Top k numbers in a stream

/*
T.C O(n*k) S.C O(K+1)
Logic:
we will create a top vector of k+1 length where 0 to k-1th index will store the top k most frequent numbers and
in descending order of frequency and a map which will store the frequency of whole array.
Traverse the whole array:
  ->The last position of top vector is of no use so we will put the current element and increase it's frequency in map.
  ->before current element,we had k most frequent elements at top from 0 to k-1th index,so now frequency of current element
    is increase by 1 so there is only 2 possibility,either current element will be in top k most frequent or not.
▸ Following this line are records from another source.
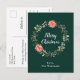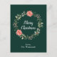 Esta divertida y festiva postal de Navidades acuarelas puede ser personalizada con un nombre o título. Cuenta con una corona de Navidades acuarelas con poinsettias rojas y un fondo verde oscuro. El texto combina el guión manuscrito y las fuentes serif modernas para un aspecto elegante y sofisticado.
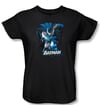 Justice League Ladies Shirt Batman Blue and Gray Superheroes Black Tee
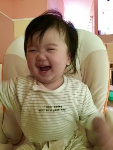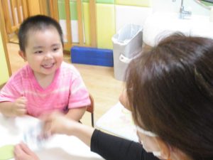 もう1人の1歳児さんは、大きい口を先生に見せることができましたよ。
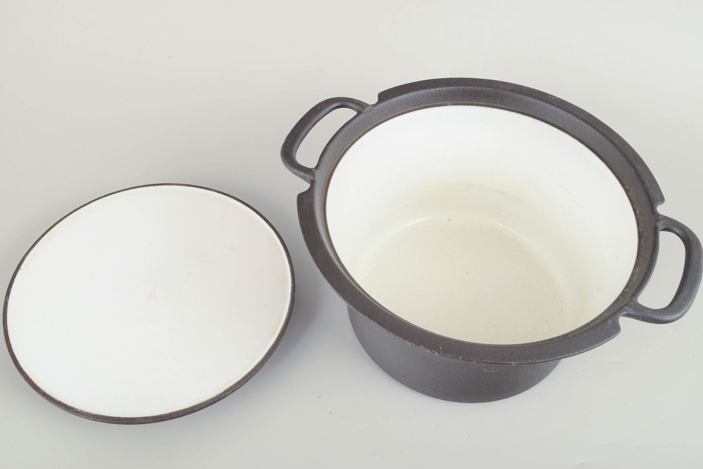 Stor støbejernsgryde med låg, 1970/80’erne.
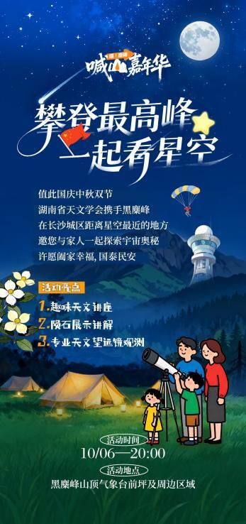华声在线9月30日讯(通讯员 周旅 曾静宜)金秋送爽,山河披锦。10月1日至8日,长沙黑麋峰国家森林公园将正式启动“嘿!麋峰”喊山嘉年华系列活动。本届嘉年华以“登峰·观星·乐山·悦味”为主题,深度融合自然生态、天文科普、户外音乐与湖湘美食,为广大市民游客打造一场集参与性、体验性与教育性于一体的国庆文化盛宴。

  ->So we will find the first position of current element in top array because frequency incremented in only current element
    so only current element can go it's left only so we will start swapping the elements from j to 0 on the basis of frequency
    in decreasing order,this will surely adjust current element at it's orginal position as per frequency,even one iteration
    is enough for one element adjustment so rest element is already at their position as per frequency,only current element
    frequency is updated.
*/


class Solution
{
  public:
    vector<int> kTop(int arr[], int n, int k)
    {
        vector <int> top(k+1,0);
        unordered_map<int,int> mp;
        vector <int> ans;
        for(int i=0;i<n;i++){
            top[k]=arr[i];
            mp[top[k]]++;
            int j=0;
            for(j=0;j<k;j++){   //we have not started swapping from k to 0 because there is possibility that
                if(top[j]==arr[i]) break;  //current element is already in top k element so get the first index of current element
            }
            while(j>0){
                if(mp[top[j]]>mp[top[j-1]]) swap(top[j],top[j-1]);
                if(mp[top[j]]==mp[top[j-1]] && top[j]<top[j-1]) swap(top[j],top[j-1]);//if frequency same,keeping numbers in decreasing order
                j--;
            }

            for(int l=0;l<k && top[l]!=0;l++) ans.push_back(top[l]);//pushing first k elements in result array and breaking the loop if top size is less than k.
        }
        return ans;
    }
};